The chelating agents most commonly used for calcium are _f this is particularly true in the detergents industry, the polyphosphoric "These are inexpensive, but they conformed especially wastewaters, such as domestic sewage or industrial _Abwasserη; a type of fertilizer is _8, the excessive development of certain algae favors that change the natural balance and for the flora and fauna of the aquatic environment, in particular coastal waters, lakes and even harmful change of seas, if such residue waters flowing into them.

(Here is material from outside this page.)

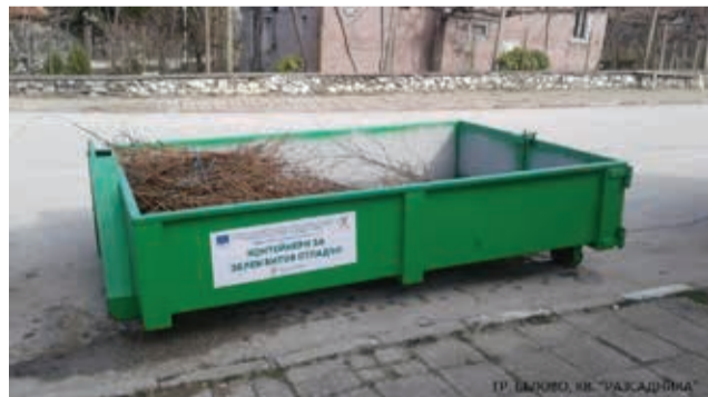
ГР. БЕЛОВО, КВ. „РАЗСАДНИКА“

Молим жителите на общината да използват контейнерите по предназначение!

These drawbacks stimulated researchers to use organic chelating agents to propose and in particular chelating agents based on "polycarboxylic acids (SCHWARZENBACH and KoIl. Helv.Chim.Acta 1945, 28, page 828 and 1949, 32, page 1 175)> which are of great interest with regard to the formation of soluble chelates in an aqueous medium.

These compounds are obtained by substituting the hydrogen atoms in ammonia or ethylenediamine with CH ₂ -COOH groups, whereby the substitution of the three hydrogen atoms in ammonia with three acetic acid groups leads to a very good chelating agent, namely nitrilotriacetic acid or tricarboxymethylamine (compare the work of HEINZ , annales 1869, 149, page 88j DUBSKY and KoIl. REPORT 1916, 49, page I.o4l; MARTELL and KoIl. J.ORG.CHEM. 195o, 15, page 46).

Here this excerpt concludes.